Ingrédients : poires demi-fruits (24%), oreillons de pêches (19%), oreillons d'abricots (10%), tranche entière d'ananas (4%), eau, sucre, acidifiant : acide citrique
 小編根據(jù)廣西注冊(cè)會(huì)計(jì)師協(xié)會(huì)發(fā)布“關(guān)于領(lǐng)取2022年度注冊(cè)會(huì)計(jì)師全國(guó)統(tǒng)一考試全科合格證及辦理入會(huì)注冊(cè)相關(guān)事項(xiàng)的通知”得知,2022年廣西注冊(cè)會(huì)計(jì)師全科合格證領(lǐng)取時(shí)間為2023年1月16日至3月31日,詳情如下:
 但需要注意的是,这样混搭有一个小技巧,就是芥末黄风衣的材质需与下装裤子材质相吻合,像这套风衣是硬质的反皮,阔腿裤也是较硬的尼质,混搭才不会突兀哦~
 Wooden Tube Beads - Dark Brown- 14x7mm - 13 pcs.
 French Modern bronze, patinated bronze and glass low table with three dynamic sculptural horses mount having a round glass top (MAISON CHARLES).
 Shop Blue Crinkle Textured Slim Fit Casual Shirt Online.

...

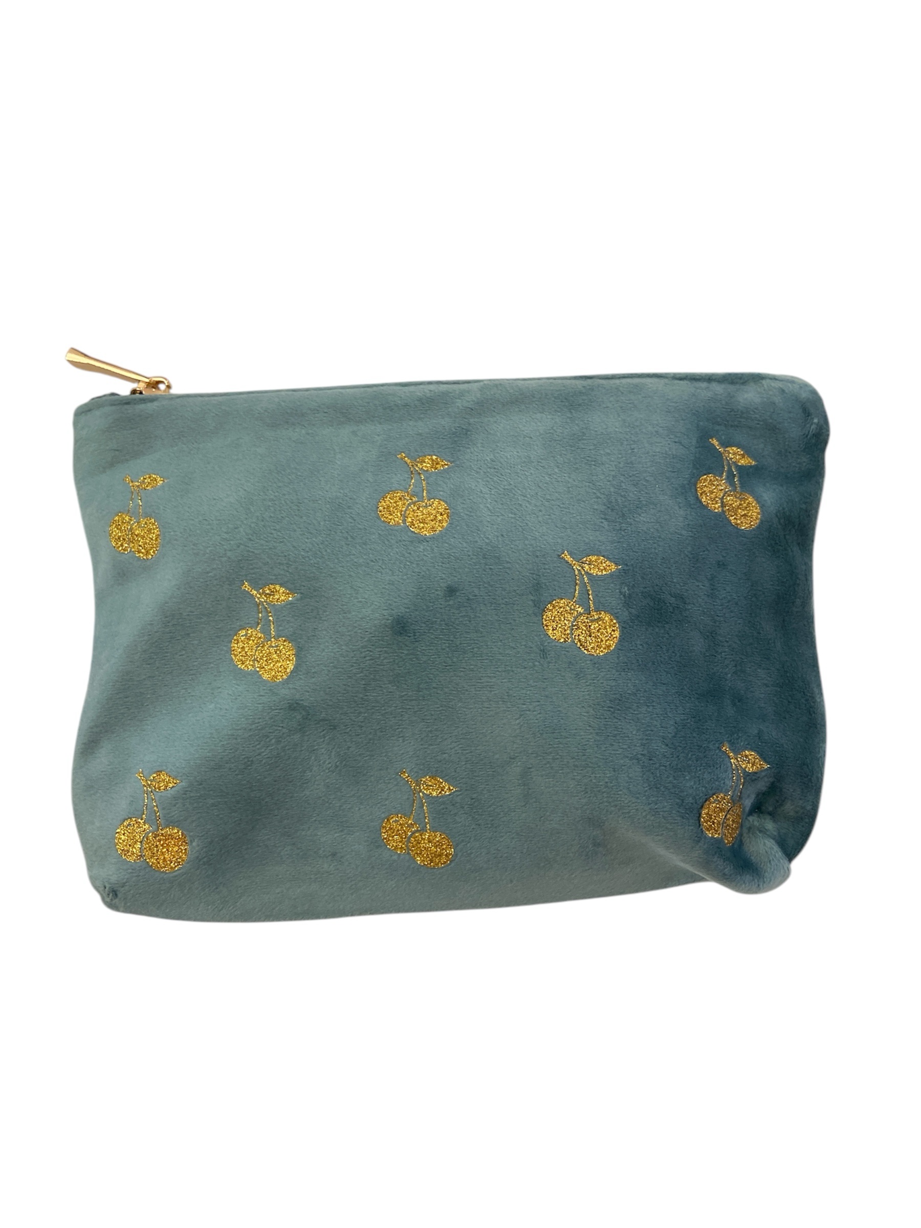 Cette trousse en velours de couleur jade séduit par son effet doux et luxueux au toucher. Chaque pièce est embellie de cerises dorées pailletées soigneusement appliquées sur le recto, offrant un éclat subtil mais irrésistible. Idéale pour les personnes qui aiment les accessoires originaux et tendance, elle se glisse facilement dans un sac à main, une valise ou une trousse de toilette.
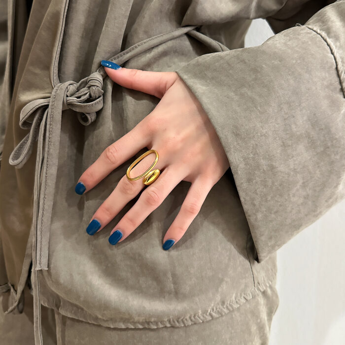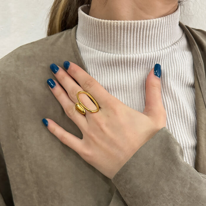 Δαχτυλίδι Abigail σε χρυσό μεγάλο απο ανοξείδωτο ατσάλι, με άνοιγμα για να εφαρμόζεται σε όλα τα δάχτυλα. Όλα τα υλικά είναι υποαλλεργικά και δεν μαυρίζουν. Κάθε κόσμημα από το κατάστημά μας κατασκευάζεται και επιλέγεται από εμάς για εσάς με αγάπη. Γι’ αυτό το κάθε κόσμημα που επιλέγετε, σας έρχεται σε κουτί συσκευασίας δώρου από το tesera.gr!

**Task requirements:**
Among the entries above, the line containing "Ingrédients : poires", the line containing "小編根據(jù)廣西注冊(c", and all lines between them are to be restated word for word; nothing else belongs in the reply.

**Exercise response:**
Ingrédients : poires demi-fruits (24%), oreillons de pêches (19%), oreillons d'abricots (10%), tranche entière d'ananas (4%), eau, sucre, acidifiant : acide citrique
 小編根據(jù)廣西注冊(cè)會(huì)計(jì)師協(xié)會(huì)發(fā)布“關(guān)于領(lǐng)取2022年度注冊(cè)會(huì)計(jì)師全國(guó)統(tǒng)一考試全科合格證及辦理入會(huì)注冊(cè)相關(guān)事項(xiàng)的通知”得知,2022年廣西注冊(cè)會(huì)計(jì)師全科合格證領(lǐng)取時(shí)間為2023年1月16日至3月31日,詳情如下:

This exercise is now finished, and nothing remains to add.